What you have to do:
All that is wanted is the line with "R001是内部继电器,表示选" and each line after it to the end of the data below, set down exactly and without pictures.

──────── Given records

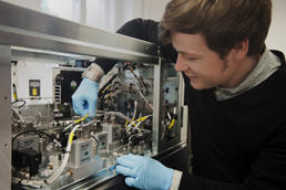 Prof. Dr. Kevin Pagel with the ion mobility mass spectrometer used for his research
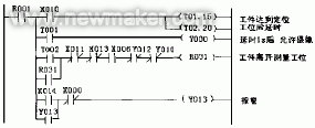 R001是内部继电器,表示选择“自动”,当PLC得到信号X010时,即传感器检测到定位工位有工件时,延时并输出允许摄像信号Y000,然后再延时2s(等待计算机作出判断)并且当翻转汽缸不在原位和翻转工位无工件时,输出工件可以离开定位工位信号。如果PLC接到计算机发出的“工件不合格”信号,即X014后,报警,直到按复位键停止报警。
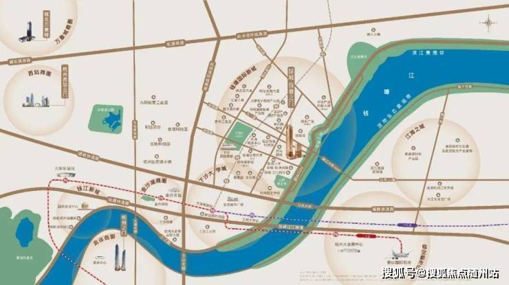 杭州拥江发展与城市东拓交汇,项目所在板块属于城市重点发展方向,项目所在之江路及春潮路之间,是未来商务重点发展区域。
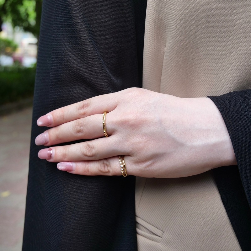 どんな服装にも映え、ダイヤや天然石との重ね付けにも最適。
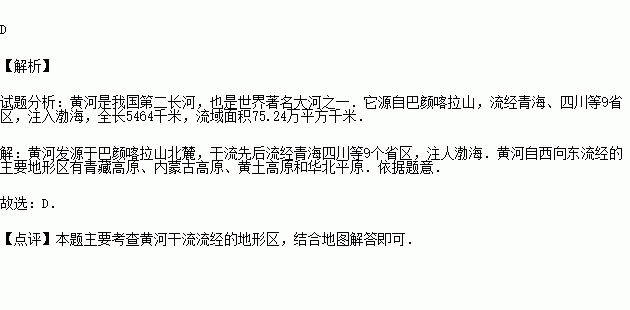 D.青藏高原、内蒙古高原、黄土高原、华北平原

────────────────

Reply:
 R001是内部继电器,表示选择“自动”,当PLC得到信号X010时,即传感器检测到定位工位有工件时,延时并输出允许摄像信号Y000,然后再延时2s(等待计算机作出判断)并且当翻转汽缸不在原位和翻转工位无工件时,输出工件可以离开定位工位信号。如果PLC接到计算机发出的“工件不合格”信号,即X014后,报警,直到按复位键停止报警。
 杭州拥江发展与城市东拓交汇,项目所在板块属于城市重点发展方向,项目所在之江路及春潮路之间,是未来商务重点发展区域。
 どんな服装にも映え、ダイヤや天然石との重ね付けにも最適。
 D.青藏高原、内蒙古高原、黄土高原、华北平原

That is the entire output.